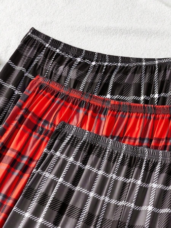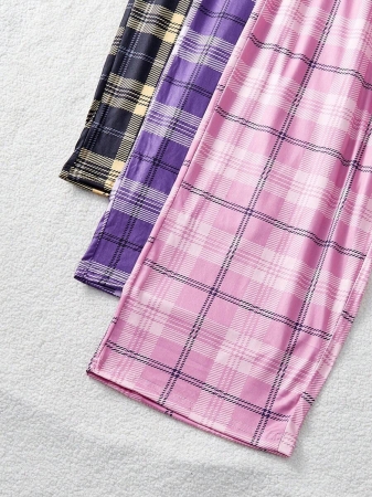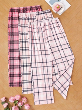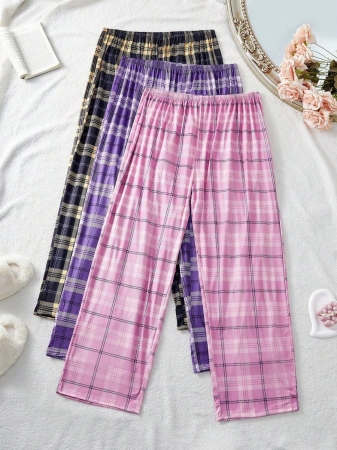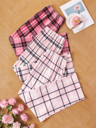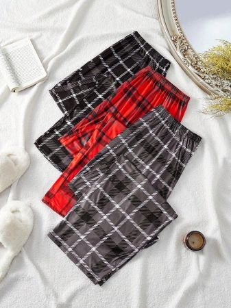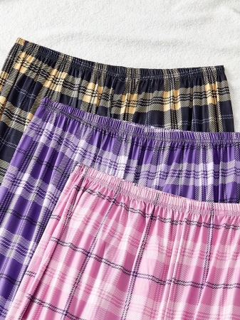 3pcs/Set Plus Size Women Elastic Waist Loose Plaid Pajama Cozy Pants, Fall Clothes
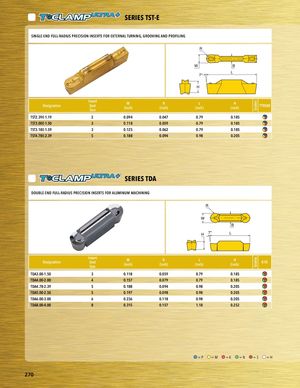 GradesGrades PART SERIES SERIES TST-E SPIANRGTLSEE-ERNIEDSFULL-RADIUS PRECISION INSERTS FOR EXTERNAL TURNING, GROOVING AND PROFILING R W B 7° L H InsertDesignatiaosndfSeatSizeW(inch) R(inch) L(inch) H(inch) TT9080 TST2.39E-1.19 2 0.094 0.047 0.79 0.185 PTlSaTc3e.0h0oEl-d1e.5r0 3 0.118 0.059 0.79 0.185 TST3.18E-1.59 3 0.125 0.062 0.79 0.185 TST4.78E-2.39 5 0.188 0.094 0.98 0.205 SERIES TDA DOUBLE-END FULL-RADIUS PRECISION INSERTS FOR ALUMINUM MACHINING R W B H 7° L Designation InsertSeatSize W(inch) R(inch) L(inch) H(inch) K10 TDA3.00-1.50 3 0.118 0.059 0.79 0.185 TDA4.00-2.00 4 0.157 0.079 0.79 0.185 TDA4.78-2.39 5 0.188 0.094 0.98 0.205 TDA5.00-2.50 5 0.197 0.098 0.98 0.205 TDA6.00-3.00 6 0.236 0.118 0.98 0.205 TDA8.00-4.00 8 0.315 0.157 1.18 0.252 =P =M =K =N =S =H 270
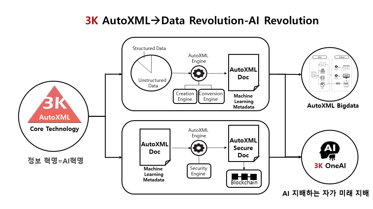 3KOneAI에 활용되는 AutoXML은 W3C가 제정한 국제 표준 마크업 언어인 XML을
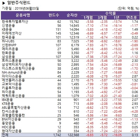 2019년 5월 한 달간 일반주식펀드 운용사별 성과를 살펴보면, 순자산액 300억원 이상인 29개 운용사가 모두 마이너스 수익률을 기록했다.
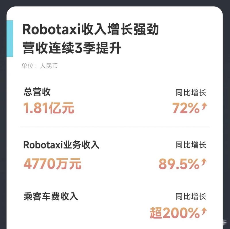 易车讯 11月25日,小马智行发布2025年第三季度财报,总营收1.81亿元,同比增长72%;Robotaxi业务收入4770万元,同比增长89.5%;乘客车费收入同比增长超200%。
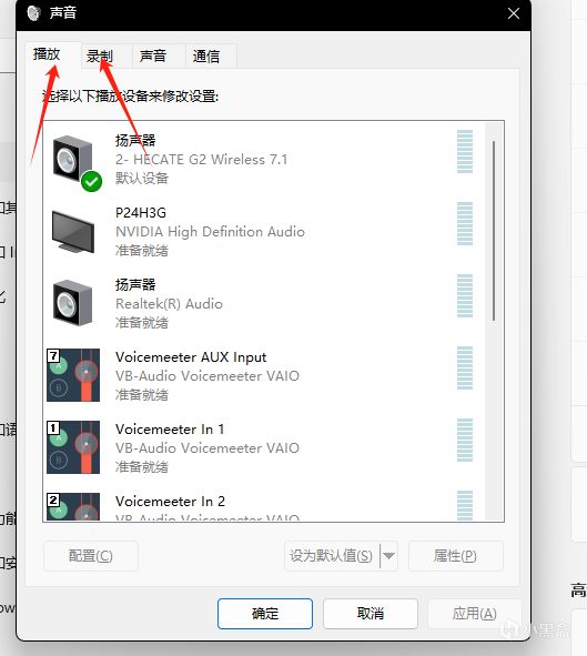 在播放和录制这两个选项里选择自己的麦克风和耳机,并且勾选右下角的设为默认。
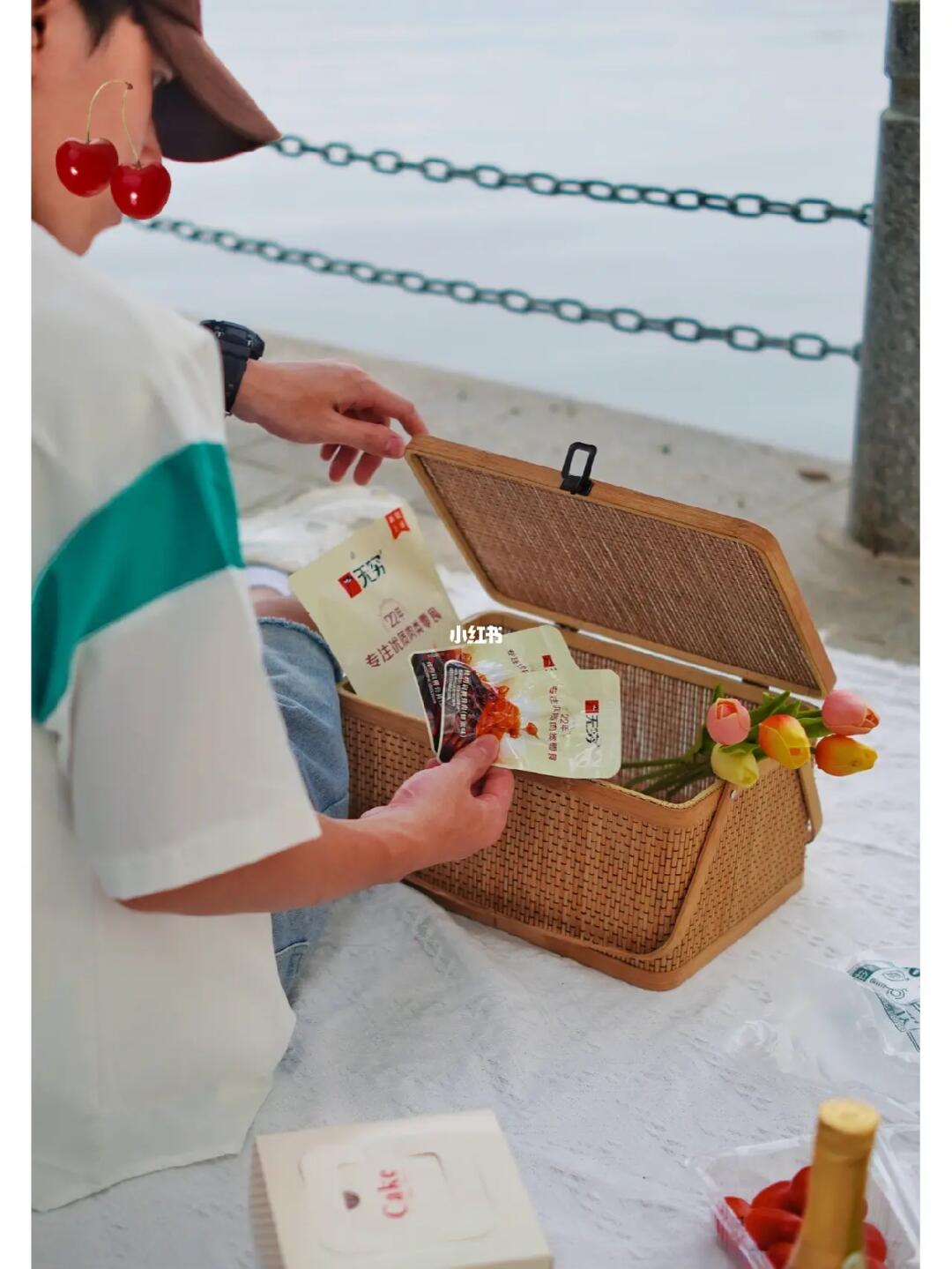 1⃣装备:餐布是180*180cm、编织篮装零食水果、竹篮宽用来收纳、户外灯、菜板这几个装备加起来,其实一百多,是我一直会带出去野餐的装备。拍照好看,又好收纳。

—————

Retype the records exactly, but skip the pictures.

WRITTEN REPLY:
 3pcs/Set Plus Size Women Elastic Waist Loose Plaid Pajama Cozy Pants, Fall Clothes
 GradesGrades PART SERIES SERIES TST-E SPIANRGTLSEE-ERNIEDSFULL-RADIUS PRECISION INSERTS FOR EXTERNAL TURNING, GROOVING AND PROFILING R W B 7° L H InsertDesignatiaosndfSeatSizeW(inch) R(inch) L(inch) H(inch) TT9080 TST2.39E-1.19 2 0.094 0.047 0.79 0.185 PTlSaTc3e.0h0oEl-d1e.5r0 3 0.118 0.059 0.79 0.185 TST3.18E-1.59 3 0.125 0.062 0.79 0.185 TST4.78E-2.39 5 0.188 0.094 0.98 0.205 SERIES TDA DOUBLE-END FULL-RADIUS PRECISION INSERTS FOR ALUMINUM MACHINING R W B H 7° L Designation InsertSeatSize W(inch) R(inch) L(inch) H(inch) K10 TDA3.00-1.50 3 0.118 0.059 0.79 0.185 TDA4.00-2.00 4 0.157 0.079 0.79 0.185 TDA4.78-2.39 5 0.188 0.094 0.98 0.205 TDA5.00-2.50 5 0.197 0.098 0.98 0.205 TDA6.00-3.00 6 0.236 0.118 0.98 0.205 TDA8.00-4.00 8 0.315 0.157 1.18 0.252 =P =M =K =N =S =H 270
 3KOneAI에 활용되는 AutoXML은 W3C가 제정한 국제 표준 마크업 언어인 XML을
 2019년 5월 한 달간 일반주식펀드 운용사별 성과를 살펴보면, 순자산액 300억원 이상인 29개 운용사가 모두 마이너스 수익률을 기록했다.
 易车讯 11月25日,小马智行发布2025年第三季度财报,总营收1.81亿元,同比增长72%;Robotaxi业务收入4770万元,同比增长89.5%;乘客车费收入同比增长超200%。
 在播放和录制这两个选项里选择自己的麦克风和耳机,并且勾选右下角的设为默认。
 1⃣装备:餐布是180*180cm、编织篮装零食水果、竹篮宽用来收纳、户外灯、菜板这几个装备加起来,其实一百多,是我一直会带出去野餐的装备。拍照好看,又好收纳。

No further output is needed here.